Teaching Students About Expressionism In Literature
Expressionism is a significant movement in literature and the arts, dating back to the early 20th century, with roots in Germany. It is characterized by a focus on subjective emotions and experiences, as well as the use of symbolism and exaggerated imagery to convey an individual’s perspective. Teaching students about Expressionism helps them recognize this influential movement in literary history, understand its elements, and appreciate how it has impacted modern storytelling.
To introduce students to Expressionism, it is important to clarify the significant differences between this movement and realism or naturalism. While realism seeks an objective representation of life or reality, expressionism aims to depict the subjective experience of an individual’s inner emotions and psyche. Also, naturalism explores external factors shaping human behavior, whereas expressionism is more about internal emotions defining the character’s actions.

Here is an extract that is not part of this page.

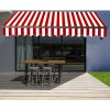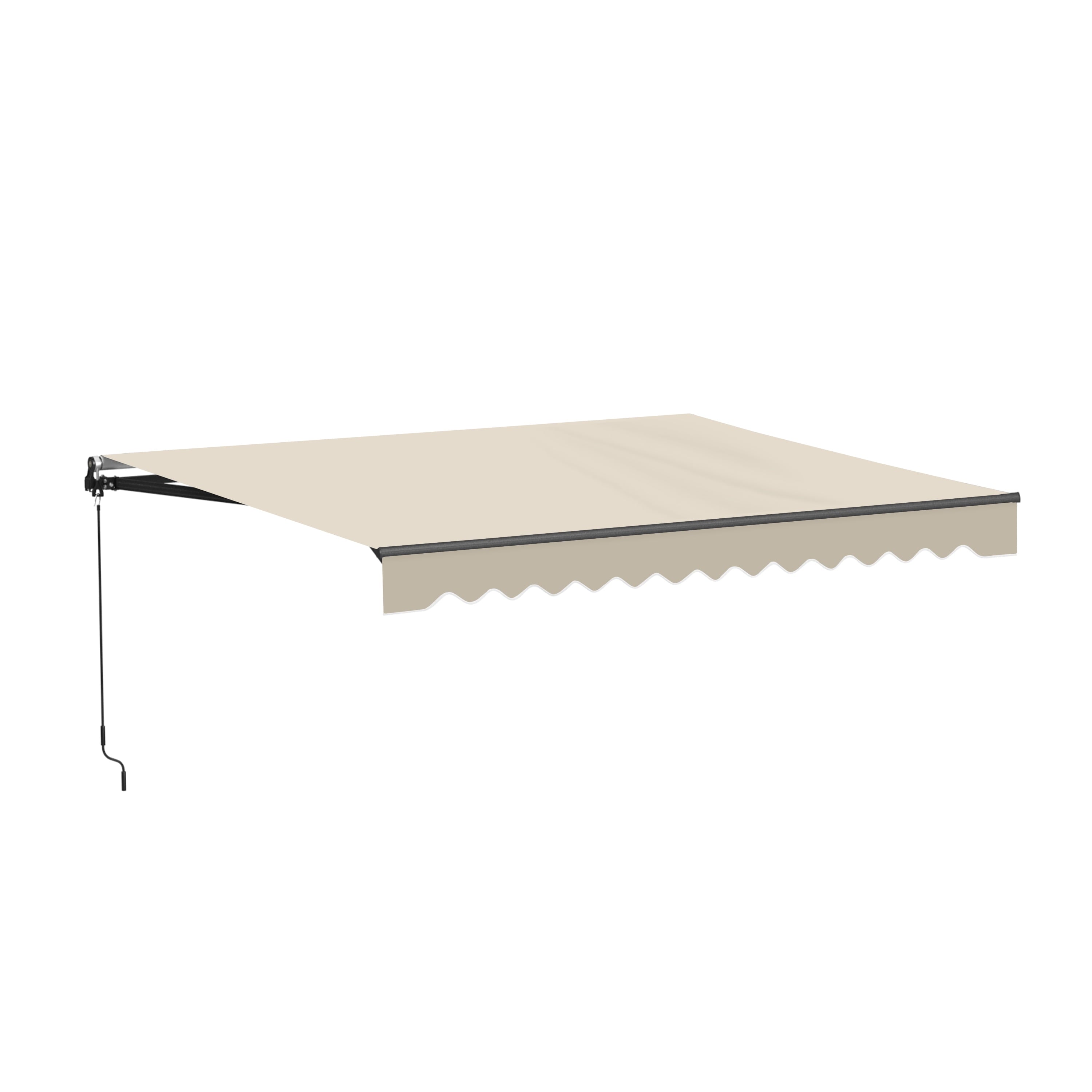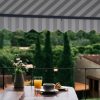 ALEKO Manual Retractable Patio Awning is the perfect blend of style and functionality. Black frame enables less dirt to show. The fabric is both UV-resistant and breathable, helping you stay protected from the harsh UV rays without losing optimal airflow. On a drizzly day, the fabric water-resistant material helps you stay dry. No need for electricity – simply turn the crank to open the awning smoothly and quickly. Assembly is required.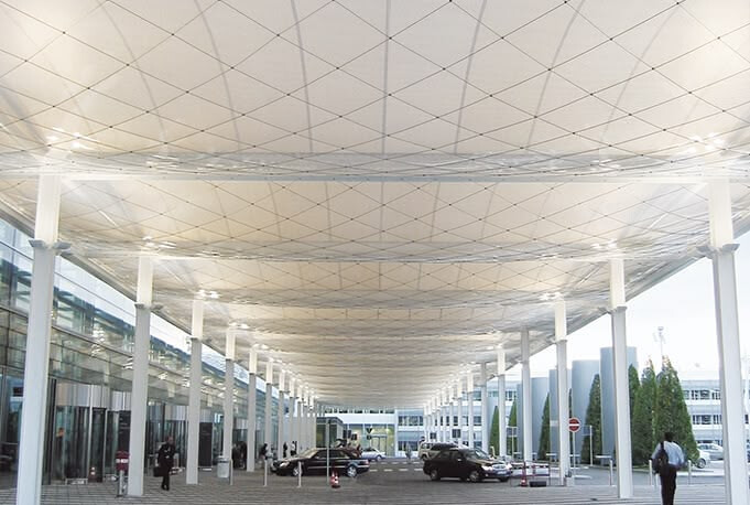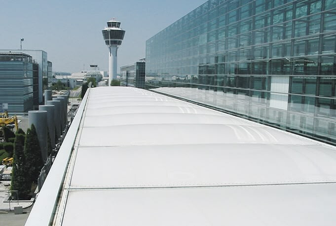 Das Vordach am Terminal 2 des Münchner Flughafens ist eine klassische pneumatische Konstruktion aus zweilagigen Luftkissen. Dabei werden die Luftkissen über rechteckige Stahlrahmen und einem Seilnetz gehalten.

Key Features of Expressionist Literature
Several features characterize expressionist literature. Teaching these elements will provide students with a foundation needed to identify and comprehend expressionist works.
1. Intense Emotion: The most significant aspect of expressionism is its emphasis on emotion, often with heightened or exaggerated feelings that go beyond everyday experiences.

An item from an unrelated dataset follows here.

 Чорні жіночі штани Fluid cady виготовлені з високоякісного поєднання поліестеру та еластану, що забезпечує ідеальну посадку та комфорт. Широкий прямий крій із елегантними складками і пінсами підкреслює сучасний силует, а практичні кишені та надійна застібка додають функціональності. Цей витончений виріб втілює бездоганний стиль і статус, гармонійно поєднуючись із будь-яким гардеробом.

2. Nonlinear Structure: Expressionist narratives often abandon traditional linear structures, which can result in fragmented or disjointed narratives.

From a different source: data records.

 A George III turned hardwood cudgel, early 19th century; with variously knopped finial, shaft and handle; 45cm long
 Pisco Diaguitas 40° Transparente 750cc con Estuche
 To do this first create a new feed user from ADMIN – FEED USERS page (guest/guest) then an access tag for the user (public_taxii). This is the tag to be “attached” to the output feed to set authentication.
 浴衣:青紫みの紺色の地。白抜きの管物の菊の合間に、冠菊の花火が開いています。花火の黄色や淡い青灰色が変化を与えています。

3. Symbolic Imagery: Visual or verbal symbols are frequently used to convey meaning in expressionist literature, adding layers to a work that can be explored further.
4. Characterization: Characters in expressionist works generally represent abstract ideas or types rather than fully developed individuals.
5. Distortion: Physical features or situations may be distorted in expressionist works to reflect the emotional state of the character or artist.
There are various teaching strategies that can help students connect with the materials and deepen their understanding of expressionism:
1. Read Examples: Read aloud or assign examples of expressionist literature, such as Franz Kafka’s “The Metamorphosis” or August Strindberg’s “A Dream Play,” to introduce students to expressionistic style.
2. Analyze Symbols: Have students analyze the use of symbolism in expressionist works. For example, they may identify the significance of a particular image or perform a close reading of an excerpt to discuss how a symbol enhances their understanding of the text.
3. Creative Writing: Encourage students to create their own expressionist works through creative writing exercises, which inspire them to explore and convey their inner emotions and thoughts.
4. Role Play: As a form of participatory learning, have students reenact scenes from expressionist works, allowing them to immerse themselves in characters’ emotions and understand better the complex narratives.
5. Group Discussions: Facilitate discussions about themes, symbols, and techniques used in expressionist literature to encourage critical thinking in students.
Teaching expressionism in literature promotes an appreciation for this significant movement in literary history while providing essential tools for understanding its key characteristics. Students will learn about this unique storytelling method, allowing them to recognize its influence on contemporary works and expand their appreciation of diverse literary styles.